Httpx: ResourceWarning: unclosed transport <_SelectorSocketTransport fd=6> (asyncio only)

Created on 26 Feb 2020  ·  16Comments  ·  Source: encode/httpx

References: https://github.com/encode/httpx/issues/550

On 0.11.1 and current HEAD 50d337e807839c21e796fd8b01c67d8a672a9721 I'm getting:

$ ipython
Python 3.8.0 (default, Dec 12 2019, 09:56:28) 
Type 'copyright', 'credits' or 'license' for more information
IPython 7.12.0 -- An enhanced Interactive Python. Type '?' for help.
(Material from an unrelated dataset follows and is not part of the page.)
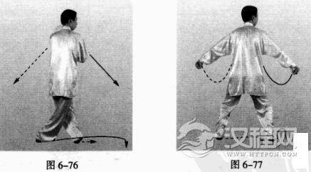 上动微停。右脚以脚掌为轴,左脚以脚跟为轴,身体左转。(图6-76)

In [1]: import httpx                                                                                                                                           

In [2]: async with httpx.AsyncClient() as client: 
   ...:     r = await client.get('https://www.example.org/')                                                                                                   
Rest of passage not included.